- Flag Coat of arms
- Interactive map of Gmina Burzenin
- Coordinates (Burzenin): 51°27′37″N 18°49′48″E﻿ / ﻿51.46028°N 18.83000°E
- Country: Poland
- Voivodeship: Łódź
- County: Sieradz
- Seat: Burzenin

Area
- • Total: 118.96 km^{2} (45.93 sq mi)

Population (2006)
- • Total: 5,665
- • Density: 47.62/km^{2} (123.3/sq mi)
- Car plates: ESI
- Website: https://www.ugburzenin.pl/

= Gmina Burzenin =

Gmina Burzenin is a rural gmina (administrative district) in Sieradz County, Łódź Voivodeship, in central Poland. Its seat is the village of Burzenin, which lies approximately 17 km south of Sieradz and 57 km south-west of the regional capital Łódź.

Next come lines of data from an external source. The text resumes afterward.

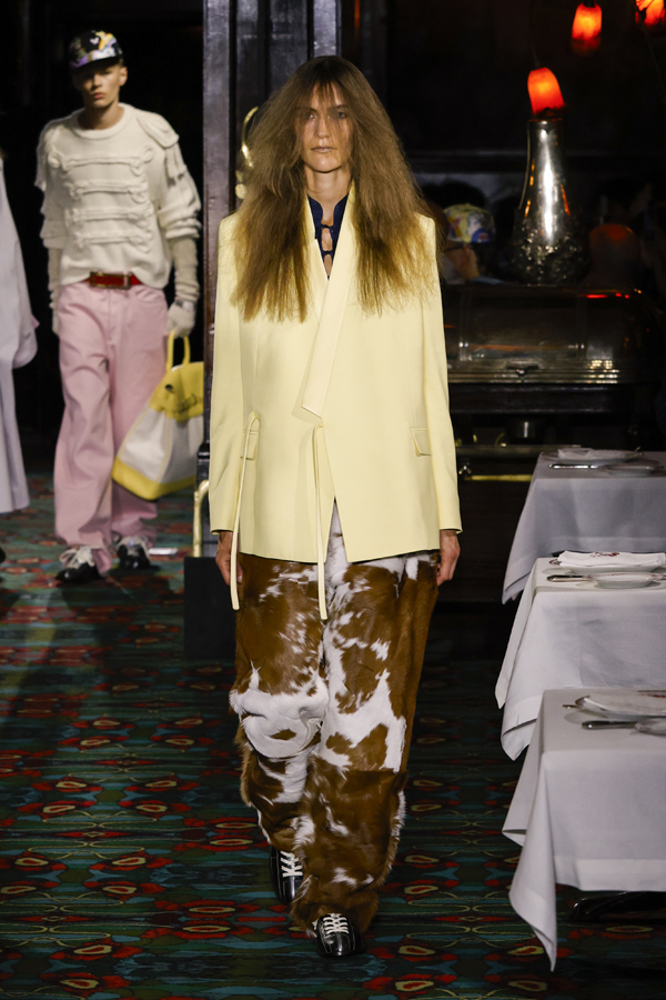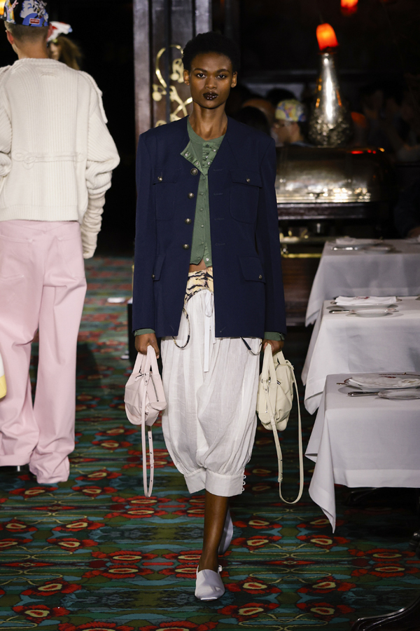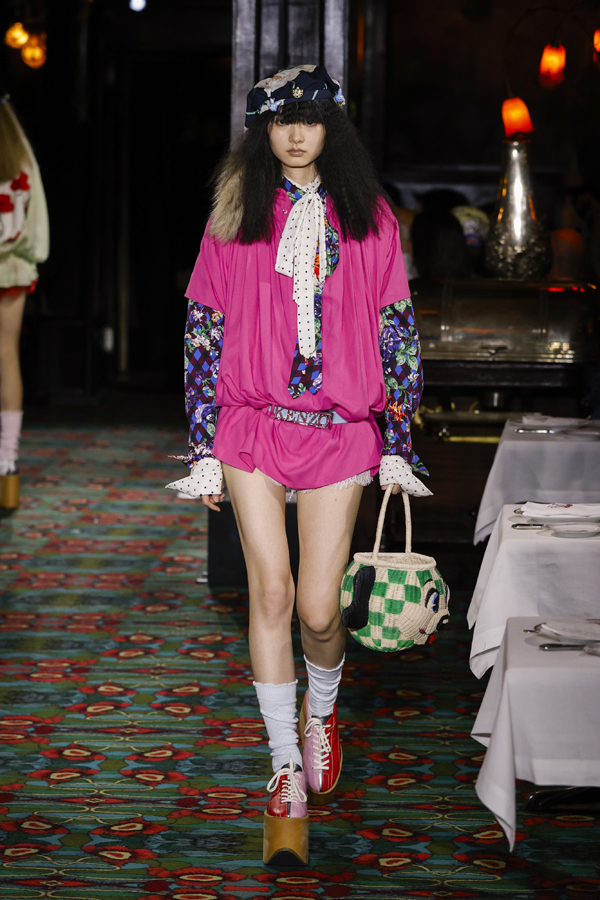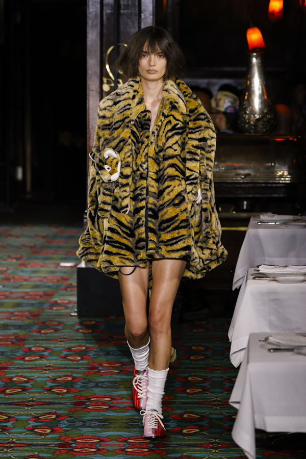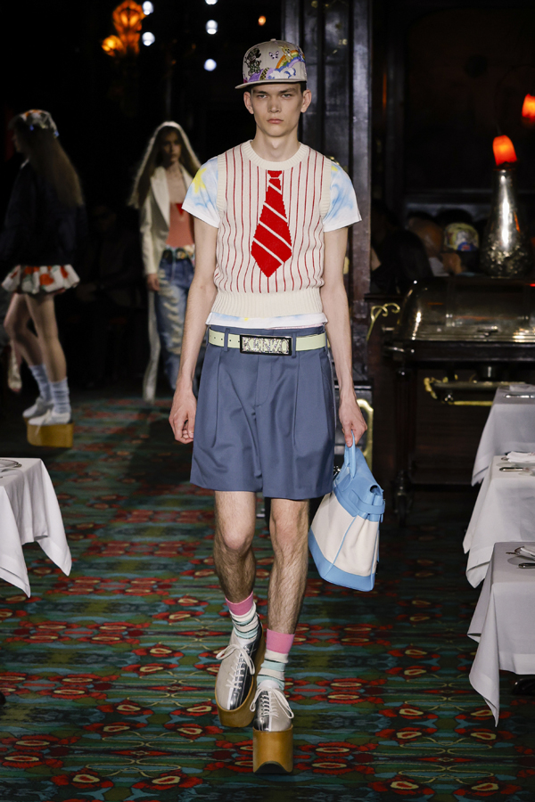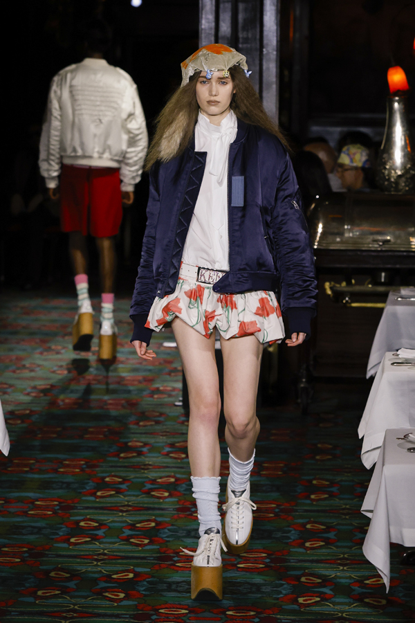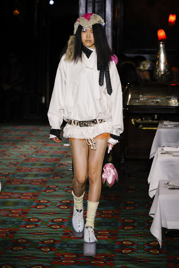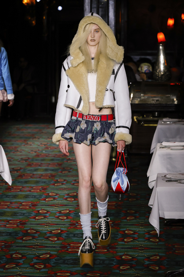 Juste après que chacun ait pris place autour d’une table ou se soit installé au bar, la bande-son imaginé par Hiroshi Fujiwara, alliant Daft Punk et Beatles, a réveillé la salle. À travers des pièces ludiques et régressives comme des hoodies peluches, des chaussures à plateforme façon boules de neige, des sacs boule en raphia à tête de chien, un débardeur imprimé d’une cravate coloriée… Nigo continue de faire ce qu’il excelle à faire depuis son arrivée chez Kenzo il y a quatre ans : libérer la mode de ses carcans.
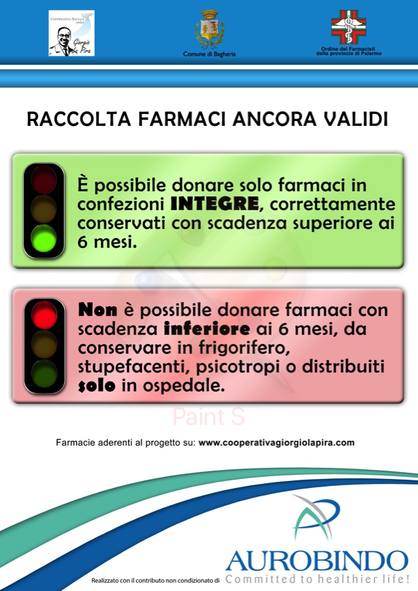 Nei prossimi giorni verrà siglata l’intesa tra il sindaco di Bagheria Patrizio Cinque, il presidente dell’Ordine dei farmacisti della provincia di Palermo, Antonino D’Alessandro, e il presidente della Cooperativa onlus “Giorgio La Pira”, Gianfranco Marotta. «Non è solo un’iniziativa importante contro una forma di spreco» – sottolinea il sindaco Patrizio Cinque – «ma è soprattutto un modo per essere solidali verso la propria comunità accompagnati dalla professionalità e la competenza del settore farmaceutico che garantirà che ciò che sarà distribuito sarà il prodotto più adatto per le necessità dei singoli destinatari».
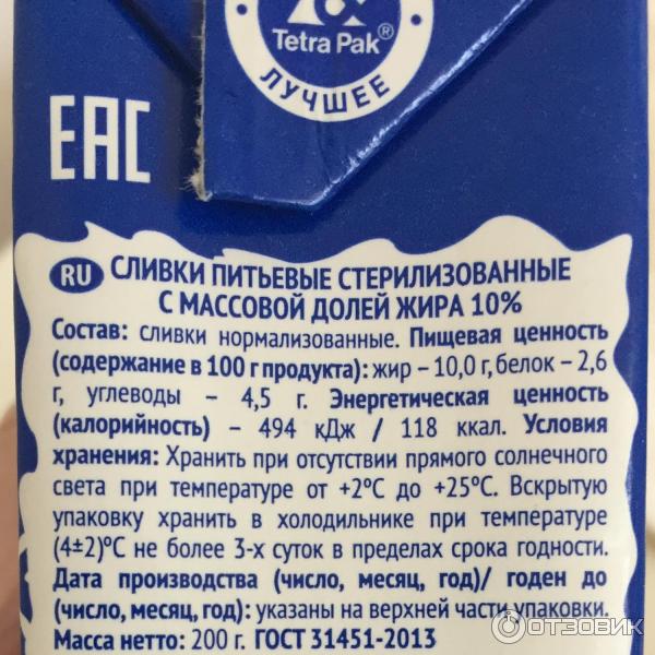 Состав молочных сливок 135 фото

The gmina covers an area of 118.96 km2, and as of 2006 its total population is 5,665.

The gmina contains part of the protected area called Warta-Widawka Landscape Park.

==Villages==
Gmina Burzenin contains the villages and settlements of Antonin, Będków, Biadaczew, Brzeźnica, Burzenin, Działy, Grabówka, Gronów, Jarocice, Kamilew, Kamionka, Kolonia Niechmirów, Kopanina, Krępica, Ligota, Majaczewice, Marianów, Niechmirów, Nieczuj, Prażmów, Redzeń Drugi, Redzeń Pierwszy, Ręszew, Rokitowiec, Sambórz, Strumiany, Strzałki, Świerki, Szczawno, Tyczyn, Waszkowskie, Witów, Wola Będkowska, Wola Majacka, Wolnica Grabowska and Wolnica Niechmirowska.

==Neighbouring gminas==
Gmina Burzenin is bordered by the gminas of Brzeźnio, Konopnica, Sieradz, Widawa, Zapolice and Złoczew.